The polarizing plate of the present invention comprises a polarizer and the protective film obtained by forming a silane coupling agent layer on one surface of the siloxane-crosslinking acrylic silicone resin film, in such a manner that the protective film is laminated on one surface or both surfaces of the polarizer via the silane coupling agent layer.

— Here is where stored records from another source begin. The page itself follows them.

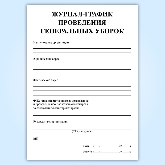 Журнал-график проведения генеральных уборок в Ачинске купить
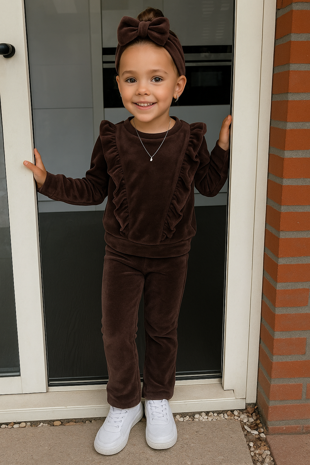 Bruine meisjes set bestaande uit een lange mouwen shirt en een flared broek met tekstlabel op het been. Comfortabel én trendy! Perfect voor meiden wdie houden van fashion. Verkrijgbaar van maat 98/104 t/m 146/152
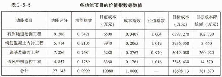 4.成本降低额从大到小排序为路基及路面工程、石质隧道挖掘工程、通风照明监控工程、钢筋混凝土内衬工程。所以功能改进的前两项分别为路基及路面工程、石质隧道挖掘工程。

The polarizers (polarizing film) usable in the polarizing plate of the present invention are preferably those obtained by, for example, uniaxially stretching and orienting a film comprising a polyvinyl alcohol-based polymer such as a polyvinyl alcohol, a partially formalized polyvinyl alcohol or the like; allowing iodine to be adsorbed into/onto the resulting film; treating the obtained product with an aqueous boric acid solution; and drying the treated product under tension; or those obtained by immersing a film comprising a polyvinyl alcohol-based polymer in an aqueous iodine solution so as to allow the iodine to be adsorbed into/onto the film; uniaxially stretching and orienting the resulting film in an aqueous boric acid solution; and drying the resulting product under tension. Polarizing films produced in the same manner as above using, in place of iodine, a dichromatic dye such as an azo dye, an anthraquinone dye, a tetrazine dye, or the like, may also be used.

The thickness of the thus-obtained polarizer (polarizing film) is not critical, as long as the functions of the polarizer are not impaired. The thickness is usually preferably about 5 to about 100 μm. Further, the polarizer preferably has a polarization degree of 95.0% or more, more preferably 99.0% or more, and still more preferably 99.7% or more.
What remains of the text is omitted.